Преодоление — страница 10 из 44

Отец Виктор улыбнулся:

– Там все, слава Богу, уладилось. А ребятки оказались на самом деле очень милыми и слушали меня внимательно. На днях они мне звонили, доложились, что в церковь заходить стали, батюшке тамошнему помогают.

Сказать честно, меня его слова просто потрясли. Как такое может быть? Как из хулиганов вдруг в какую-то пару месяцев люди превращаются в верующих прихожан? Здесь бьешься-бьешься годами, чтобы человека в Церковь привести, а тут… Чудеса, да и только.

– Батя, ты, наверное, волшебное слово знаешь. Поделись опытом. Как тебе это удалось?

Батюшка засмущался, но чувствовалось, что ему приятно вспомнить его недавнюю миссионерскую поездку.


– Приехал я к другу, и тот указал мне на автомастерскую. Она вожаку местной шпаны принадлежит, той самой, что третировала его. Вызвал я того на улицу, поговорить, мол, нужно. Он, как моего приятеля увидел, так все сразу и понял. Вечером уговорились встретиться. Ладно, подождал я до вечера. Заезжаю в мастерскую, там этот самый парень и с ним еще трое. Подошел к ним: «Может, поедем за городом пообщаемся?» Они ухмыляются, чудно им с попом говорить, тем более я их как бы на разборку приглашаю. Поехали. Я на своей машине, они вчетвером – на своей. Отъехали от города километров пять, остановились в лесочке.

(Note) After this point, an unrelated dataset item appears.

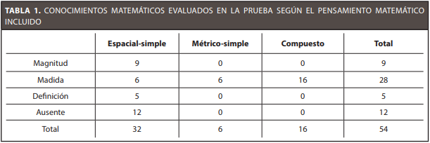 De forma global, los resultados (Tabla 1) evidenciaron una distribución desigual en cuanto al número de preguntas que consideran los pensamientos evaluados. El Espacial-simple, presente en la mitad de las preguntas, fue el más considerado; seguido del compuesto, con una cuarta parte; en cuanto al métrico, apenas una novena parte, le contempló.

Удобное место, тихое.

Смотрю на них, а они перемигиваются друг с другом и руки прячут кто за спиной, кто за пазухой. Понятно, скорее всего, кастеты, а может, и монтировки приготовили. И все это на одного смиренного попа. Нет, думаю, так дело не пойдет, и разговора у меня с вами не получится. Ну что же, придется брать инициативу в свои руки. Подошел к машине, открыл багажник, достал свою «Сайгу», она у меня именная, мне ее ребята мои, когда я на пенсию из отряда уходил, на память вместе с разрешением на ношение подарили. Внешне она вылитый автомат, хотя оружие это охотничье. Передернул затвор, смотрю, не ожидали они такого. Наглые ухмылки с лиц исчезли, а после того, как выстрелил в землю у них перед ногами, они и вовсе на колени попадали и игрушки свои побросали. В глазах страх. Ладно, думаю, напугать я вас напугал, дальше-то что? Что им сказать? Жалко мне их стало, ведь совсем еще мальчишки, только-только жизнь начинают, а уже заблудились.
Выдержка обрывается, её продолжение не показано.